B-Fructofuranosidase is formed in yeast and catalyzes the hydrolysis of sucrose to glucose and fructose. Enzyme is inverters of sucrose. Substrate is non reducing sugar and product formed is a reducing therefore can be easily identified.
During isolation, it is necessary to avoid loss of activity due to denaturizing of enzyme. Inactivation may be minimized by avoiding extreme of PH keeping the enzyme at 0 deg C. Extreme physical conditions must be avoided. While attempting enzyme isolation. Physical rather than chemical methods are used generally low temperature and PH close to neutral are preferred.
Isolation of enzyme: Place 1.5gm of yeast in a mortar and add about 2 gm of sand.

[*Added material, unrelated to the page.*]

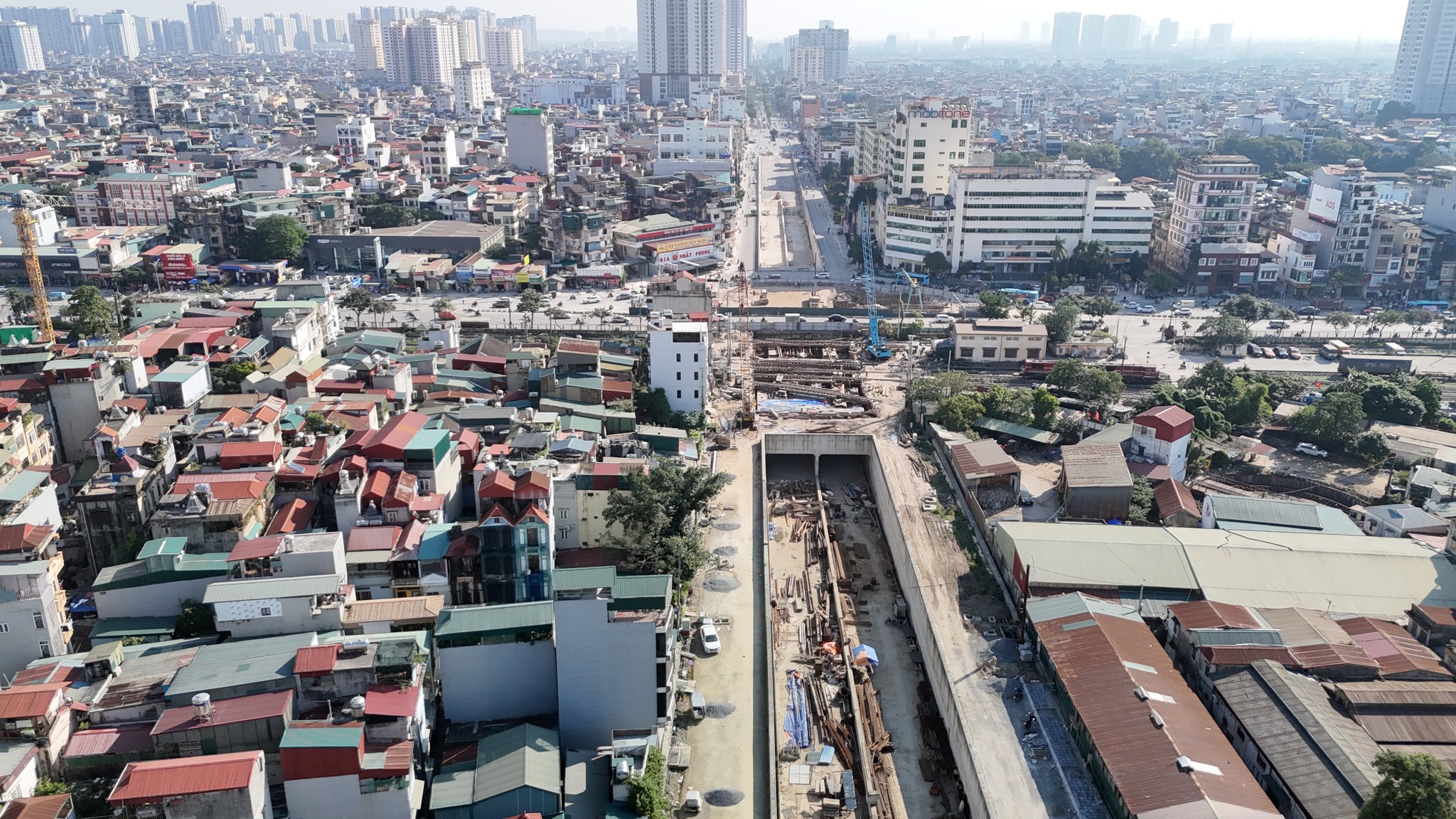 Toàn cảnh hầm chui từ đường Giải Phóng hướng qua ga Giáp Bát

Add 2ml of toluene and grind the mixture, Add 15ml of water in 3ml portions grinding the mass thoroughly during 15mins. Centrifuge for 10mins. Pipette out the supernatant fluid which will be clear or milky depending on hydrated or dehydrate yeast is used.
Precipitation by alcohol: Add 4 times the volume of 95% alcohol to the yeast extract and allow the mixture to stand until the ppt is formed centrifuge the suspension and dissolve the residue in water.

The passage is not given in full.